Item 5.02 Departure of Directors or Certain Officers; Election of Directors;
Appointment of Certain Officers; Compensatory Arrangements of Certain
Officers.
Election of Director
On December 29, 2020, the Board of Directors (the "Board") of Vital Farms, Inc.
(the "Company") increased the size of the Board from eight to nine directors
and, following the recommendation of the Nominating and Corporate Governance
Committee, appointed Kofi Amoo-Gottfried to serve as a member of the Board and
as a member of the Board's Nominating and Corporate Governance Committee,
effective January 4, 2021. Mr. Amoo-Gottfried is a Class I director whose term
will expire at the Company's 2021 Annual Meeting of Stockholders. The Board has
determined that Mr. Amoo-Gottfried is "independent" pursuant to the rules of The
Nasdaq Stock Market LLC ("Nasdaq") and other governing laws and applicable
regulations.
There is no arrangement or understanding between Mr. Amoo-Gottfried and any
other person pursuant to which he was selected as a director, and there is no
family relationship between Mr. Amoo-Gottfried and any of the Company's other
directors or executive officers. There are no transactions between
Mr. Amoo-Gottfried and the Company that would be required to be reported under
Item 404(a) of Regulation S-K.
As a non-employee director of the Company, Mr. Amoo-Gottfried is eligible to
participate in the Company's compensation arrangements for non-employee
directors, which are described in more detail in the Company's Non-Employee
Director Compensation Policy, filed as Exhibit 10.8 to the Company's Quarterly
Report on Form 10-Q, filed with the Securities and Exchange Commission ("SEC")

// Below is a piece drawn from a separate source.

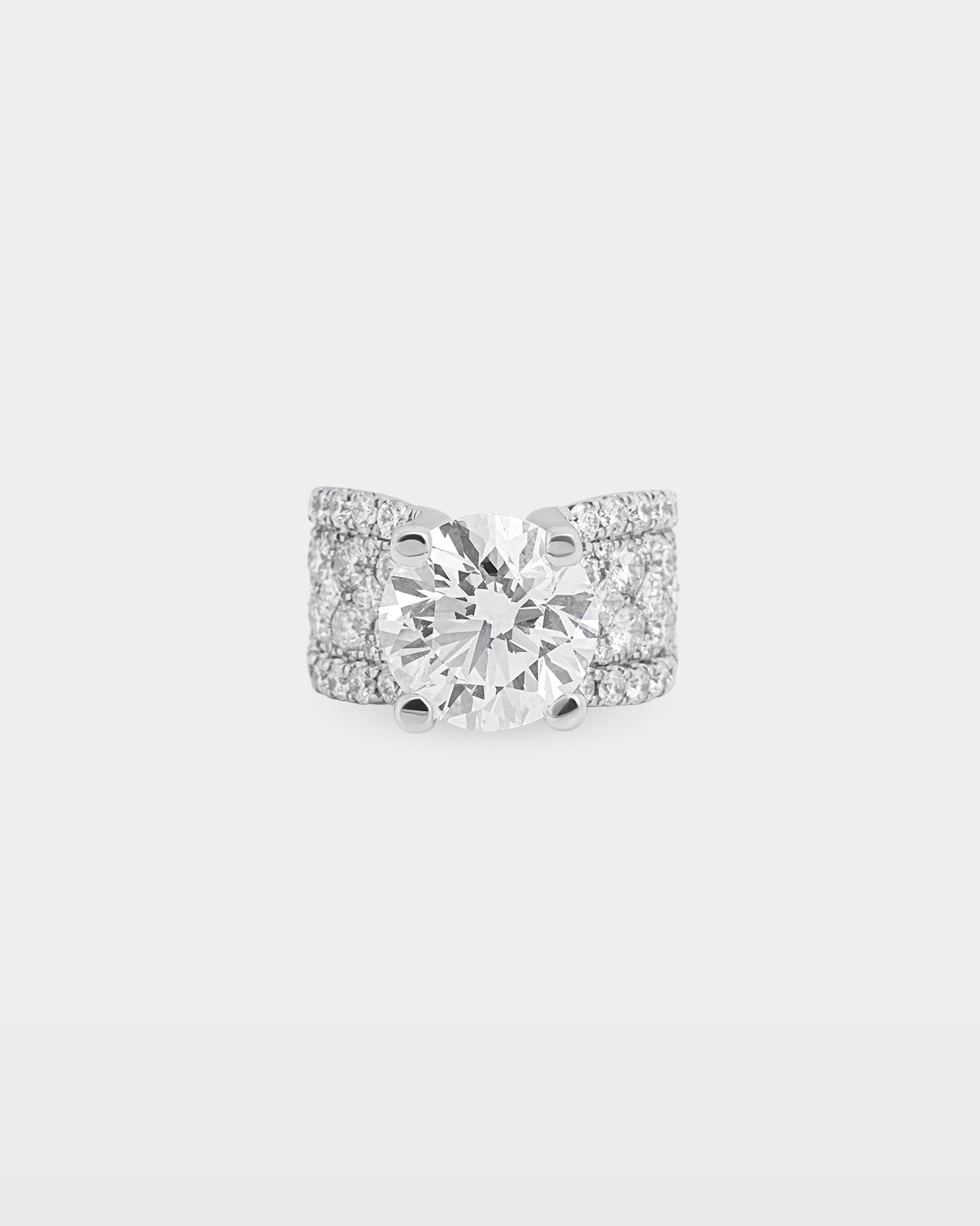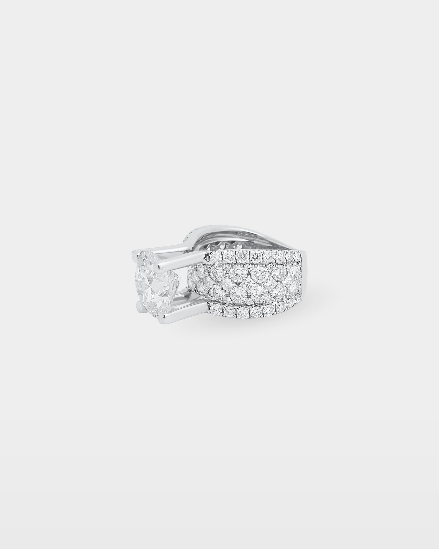 The center stone here is 5.00 carats, but the band earns equal attention. Three rows of round brilliant diamonds arc across the full domed width of the 18K white gold shank, 7.00 carats of accent stones building toward the elevated four-prong basket at the crown. A diamond engagement ring that was never meant to go unnoticed.

on November 10, 2020. In connection with Mr. Amoo-Gottfried's election to the
Board, the Company and Mr. Amoo Gottfried entered into the Company's standard
form of indemnification agreement, a copy of which was filed as Exhibit 10.9 to
the Company's Registration Statement on Form S-1 (File No. 333-239772) filed
with the SEC on July 9, 2020. This agreement requires the Company to indemnify
Mr. Amoo-Gottfried, to the fullest extent permitted by Delaware law, for certain
liabilities to which he may become subject as a result of his affiliation with
the Company.
On January 5, 2021, the Company issued a press release announcing
Mr. Amoo-Gottfried's appointment to the Board. A copy of the press release is
furnished as Exhibit 99.1 to this Current Report on Form 8-K and is incorporated
herein by reference.
Appointment of Principal Accounting Officer
Effective January 4, 2021, the Board appointed Jeffery S. Dawson to serve as
Chief Accounting Officer and as the principal accounting officer of the Company.
Bo Meissner will continue serving as principal financial officer of the Company.
Mr. Dawson joined the Company as Chief Accounting Officer in January 2021. Prior
to joining the Company, Mr. Dawson served as Senior Vice President, Chief
Accounting Officer of Dean Foods Company from January 2019 to December 2020.
Prior to Dean Foods, Mr. Dawson served as Chief Accounting Officer, North
America for Nokia Oy (formerly Alcatel-Lucent SA) from 2009 to January 2019.
Prior to that, Mr. Dawson served in a broad range of finance and accounting
roles at Stanley Black & Decker, Georgia-Pacific LLC, Velocita Corporation and
Deloitte. Mr. Dawson received his B.B.A. in accounting from Texas A&M University
and is a Certified Public Accountant.
There are no family relationships among Mr. Dawson and any of the Company's
directors or executive officers, nor are there any related party transactions
between Mr. Dawson and the Company that would be required to be reported under
Item 404(a) of Regulation S-K.
Item 9.01 Financial Statements and Exhibits.
(d) Exhibits
Exhibit No. Description
99.1 Press Release, dated January 5, 2021.